Key Lime Pie Recipe

July 22, 2012 11 Comments

Key Lime Pie Recipe

Key Lime Pie is my favorite dessert so this is one of my favorite recipes.

My family and I were in sunny Florida around the time of hurricane Irene and even she couldn’t dampen the wonder of Disney. We were at the resort because my wife was attending a business conference and wanted us to join her for some rest and relaxation.

We had a blast, especially my daughter Nell whose eyes were wide open from the moment we stepped off the plane. She did have a little trouble when meeting the Disney characters at the park, but who wouldn’t have trouble with a 7 foot Pluto when you’re not even two years old?

Last time I was at Disney was back in the 80’s when I realized my folks were never going to take me there so I decided to take them. How Disney World has changed since my last visit.

New parks and resorts have sprung up faster than you can say Donald Duck. Besides the Magic Kingdom and Epcot (which stands for Experimental Prototype Community of Tomorrow, by the way), there’s Disney’s MGM Studios, Animal Kingdom, three water parks, Downtown Disney along with new resorts like the Dixie Landing, Port Orleans, Coronado Springs, Wilderness Lodge and the Polynesian.

What do all these resorts have in common? They all include restaurants that serve my favorite dessert, Key Lime Pie. Yes, Key Lime Pie whose filling is made up of only three simple ingredients but when properly combined produce a wonderful pungent flavor. Poured into a homemade Graham Cracker crust and voila you have a dessert that even Cinderella’s wicked Stepmother couldn’t resist.

Quick and easy to prepare, just 30 minutes, this delicious Key Lime Pie recipe would make Winnie the Pooh forget about honey for a while.

How are Key limes different

Let me start out by explaining the difference between Key limes and your everyday supermarket variety, the Persian lime. Key limes come from the Florida Keys, thus their name, and are smaller, more yellow and contain more seeds than the green skinned Persian lime. The bad news is they’re impossible to find fresh at your local supermarkets but the good news is Persian limes work just as well in this recipe.

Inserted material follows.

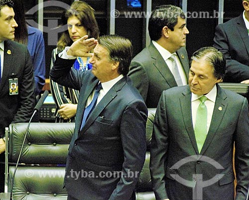 Presidente Jair Bolsonaro prestando continência ao lado do Senador Eunício Oliveira - presidente do Senado Federal - no plenário da Câmara dos Deputados durante a cerimônia de posse presidencial - Brasília - Distrito Federal (DF) - Brasil

I was recently told that key limes are yellow when ripe, not green, but the green ones will work for key lime pie. I have also been told that you can make a very good pie using key lime juice available at most supermarkets. Although it may not be quite as tasty as using real lime juice, it is a perfectly adequate substitution.

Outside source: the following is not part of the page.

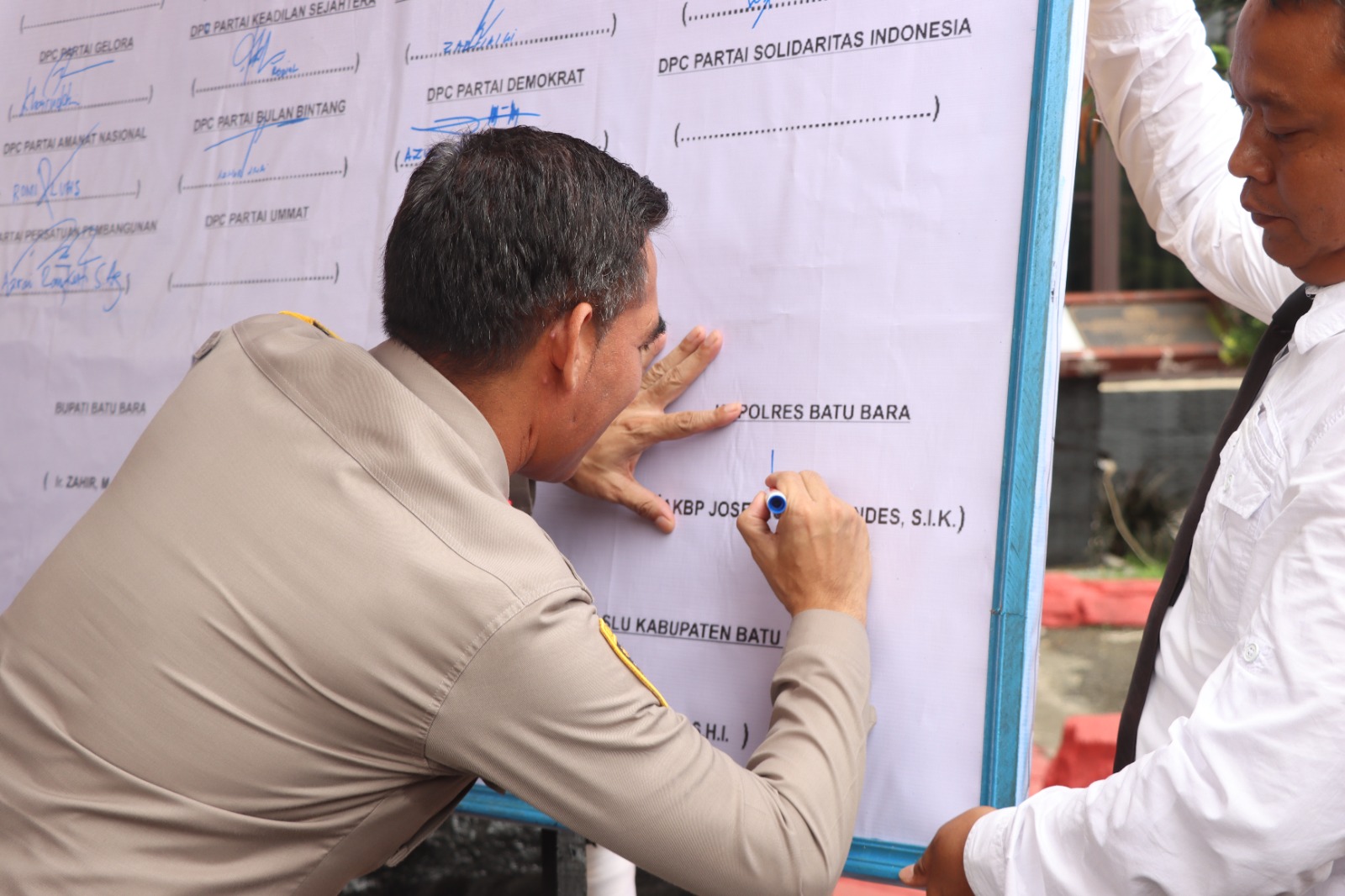 Pesan ini disampaikan disela sela kegiatan saat deklarasi damai Pemilu 2024 oleh seluruh Partai Politik dan tokoh masyarakat yang digelar di Polres Batu Bara beberapa saat lalu.

Graham Crackers – What Are They?

I remember back when I was in kindergarten, we were served Graham Crackers with Milk as a snack just before we had to pull out our sleeping mats for a nap. Originally created by Reverend Sylvester Graham back in 1830, these crackers or cookies in my opinion are made from whole-wheat and sweetened with honey or molasses. Originally though of as a health food because the coarsely ground wheat flour was high in fiber.

If you don’t have graham flour available to you, try substituting a mixture of white flour, wheat bran and wheat germ.

Key Lime Pie Recipe

Prep Time: 15 minutes

Cook Time: 30 minutes

Total Time: 45 minutes

Yield: 1 pie

Ingredients

1/2 cup fresh lime juice (12 to 15 key limes or 3 to 4 common limes)

4 teaspoons grated lime zest

4 egg yolks

1 - 14 ounce can sweetened condensed milk

11 graham crackers 3 tablespoons granulated sugar

5 tablespoons unsalted butter, melted

How To Prepare At Home

Preheat oven to 325 degrees.

Zest the limes and then juice them.

Process the graham crackers in a food processor or blender and then melt the butter and have it at the ready.

Whisk the egg yolks and lime zest together in a bowl until tinted light green. This takes about 2 minutes

Beat in milk, then juice and set aside at room temperature till it thickens.

Mix graham cracker crumbs and sugar in another bowl.

Add butter and stir with a fork until well blended.

Pour this mixture into a 9-inch pie pan and press over the bottom and up the sides of the pan. Try using the bottom of a measuring cup to make sure the graham cracker mixture forms a firm crust on the bottom of the pie pan.

Bake on the center rack for about 15 minutes until the crust is lightly brown, remove and let cool to room temperature.

Pour the lime filling into crust, spread evenly, and then bake for 15 minutes until the center sets, but still wiggles when shaken.

Remove from oven and cool to room temperature.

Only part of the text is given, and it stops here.